Butler man once played in front of Queen Elizabeth
As the world watched Queen Elizabeth II’s funeral Monday at London's Westminster Abbey, one Butler man remembers when he played before the late British monarch.
John Gilliland, 60, of Butler, played before the queen when he was a member of the Marine Drum and Bugle Corps — he played soprano bugle.
Gilliland said, “We played before President Ronald Reagan and Queen Elizabeth. This would have been in 1982.
“She was in the U.S. and Reagan was staying at Santa Barbara, and they decided to do a concert for her at the San Francisco Opera House on the West Coast,” he said.
Gilliland said, “It was the Marine Drum and Bugle Corps, Tony Bennett, Mary Martin was there, the San Francisco Youth Orchestra, the U.C. Berkley Marching Band.
“We were on the last section of the bill. We played ‘Stars and Stripes Forever,’” he said. “We were in the hallways, all the other groups on stage. When the final melody began, they opened up the doors and we came down the aisles.”
“I was on the side opposite the queen,” Gilliland said. “The usher would crack open the door and let us see. The queen was in a second level box seat sitting with Reagan. (Prince) Phillip was sitting beside her,” he said. “It was Phillip, the queen, Ronald Reagan and Nancy Reagan.”
“It was such a blur,” he said.
Gilliland graduated from Butler High School in 1980 and joined the Marines through early enlistment his junior year.
He had to audition for a place in the corps, but Gilliland had been a member of the General Butler Vagabonds Drum and Bugle Corps since he was 12 and was accepted to be one of the corps’ 40 members based at Twentynine Palms Marine base in California.
In fact, he said it was his experience with the Vagabonds that gave him the desire to join the Marines.
“When I was in the General Butler Vagabonds, they brought in Truman Crawford as a guest, to help the group.

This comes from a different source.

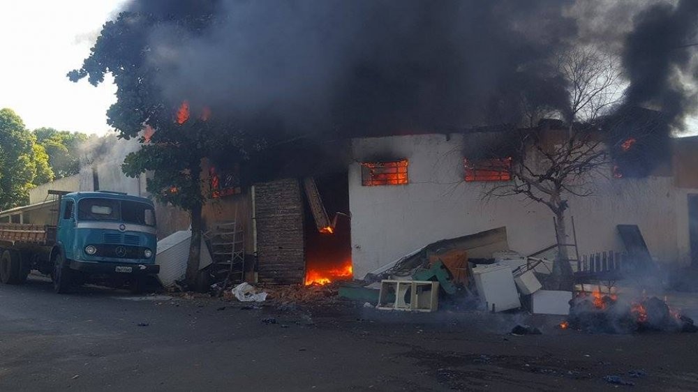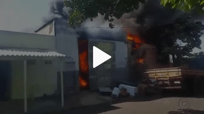 Um incêndio destruiu um depósito de uma fábrica de embalagens na Rua Domingos Povineli, na Vila Simões, em Ibitinga (SP), na manhã desta terça-feira (25).

Crawford was the director of the Marine drum and bugle corps.
“He was very well known in the drum and bugle community, very well regarded,” he said.
“He was very Marine Corps with the group, teaching the older kids. I was impressed with this guy,” he said. “Eight years later I joined the Marines.”
“We played all over the country. We were based in one camp, but we traveled all the time. I would say three-fourths of the time we were on the road,” he said.
The Marine Drum and Bugle Corps played military functions such as birthday balls and change-of-command ceremonies. They would march in parades and play at high schools to aid in recruiting efforts.
Gilliland said, “We would do a just about anything anybody would want us to be at. In the movie, ‘Rocky III’ during the final fight scene where he refights Clubber Lange, the Marine Drum and Bugle Corps is there and Clubber knocks over two members.
“I didn’t get to be one. He knocked over two of the tallest guys,” he said.
Gilliland said that after getting out of the Marines he played for a senior drum and bugle corps for adults, Steel City Ambassadors. The group was started by Vagabond alumni.
He met his wife, Jennifer, while he was in the senior drum and bugle corps. “Her dad was marching and she’d come around,” he said.
A professional truck driver, Gilliland said he’s spent the last 13 years driving a mobile kitchen in a semitrailer for the Jersey Surf Drum and Bugle Corps during the corps’ summer touring season.
During summer touring, he said the Jersey Surf party consists of 150 kids and another 50 staff and adjunct people that need to be fed four times a day.
When not behind the wheel, Gilliland said he still plays the bugle a bit.
“I was voted into the Pa. Drum Corps Hall of Fame several years ago just for everything I’ve done with active drum and bugle corps since 1974,” he said. “If I wasn’t marching, I was working with them. If I wasn’t working with them I was a fan.”